Постепенно нас, студийцев, стали все больше и больше занимать в спектаклях, все чаще и чаще мы появлялись на сцене. Я мечтал сыграть Яго, но эту роль мне не дали. И одной из первых моих ролей стал беспризорник в «Кремлевских курантах», где в роли Ленина выступал один из лучших актеров театра — Николай Николаевич Колесников. Он необычайно походил на вождя пролетариата. По-моему, Николай Николаевич только приклеивал усы и бороду и на этом завершал свой грим. Но не внешнее сходство определяло исполнение им этой роли. Колесников играл Ильича глубоко, сдержанно, без лишнего умиления и театрального подчеркивания характерности образа. Недаром, когда вскоре после войны Сергей Юткевич начал ставить фильм «Кремлевские куранты», он пригласил Колесникова на роль Ленина. Тогда же, будучи студентом Щукинского театрального училища, я приходил к нему в гостиницу. Николай Николаевич рассказывал о съемках, о репетициях, о находках на съемочной площадке. Суровый и неулыбчивый, он буквально расцветал, когда говорил о своей работе. Но картину, к сожалению, завершить не удалось.

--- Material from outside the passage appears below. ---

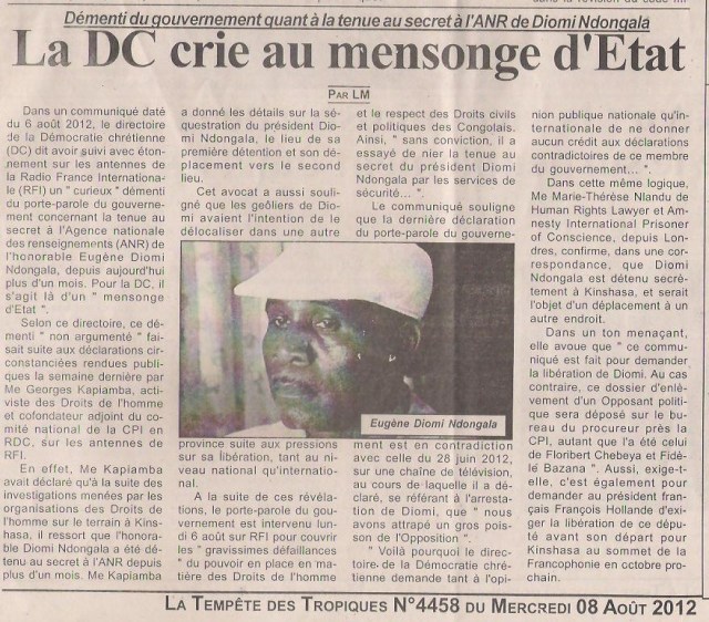 La DC crie au mensonge d’Etat / LA TEMPETE DES TROPIQUES 08/08/12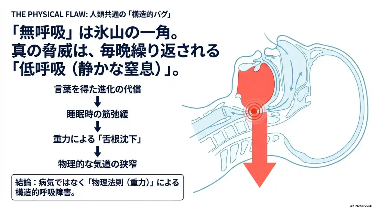 | 現代の睡眠医学は「無呼吸(0か1か)、わずかでも呼吸をしているか」を基準としていますが、生理学の視点に立てば、人生の1/3という膨大な時間を「呼吸が浅い状態(低換気)」で過ごすことの累積こそが、深刻な健康リスクを招く真の要因です。 | |||

В омской студии Колесников преподавал художественное чтение и неизменно оставался терпеливым и спокойным, какими бы бестолковыми ни были его ученики. Я показывал ему отрывок «Песни про купца Калашникова» Лермонтова. Начало отрывка мне не давалось, я никак не мог ухватить былинно-сказочную, напевную и спокойную интонацию стиха. Но, как бы я ни нервничал, Колесников настойчиво просил еще и еще раз все повторить.

«Песня» у меня не вышла, но мэтр увидел, что я работал как каторжный. А не вышло из-за того, что я был еще зелен для такого произведения. Поэтому Колесников предложил подготовить рассказ «Двадцать шесть и одна», который впоследствии так меня выручил при поступлении в театральное училище. С легкой руки Колесникова я прочел отрывок из гоголевского «Тараса Бульбы» по радио, первый раз ощутив странное чувство одиночества перед микрофоном. А спустя полгода я, чтобы заработать на жизнь, стал диктором на омском радио, где по утрам в шесть часов открывал эфир и закрывал его в два часа ночи. Из-за этого мне не удавалось выспаться, и случилось так, что в одно «прекрасное» утро, оказавшись у микрофона, я не смог сообразить, который час. В студию влетел разъяренный редактор и выключил микрофон. В тот же день мне предложили освободить занимаемое место. Я не особенно расстроился. На учебу и на радио моих сил явно не хватало.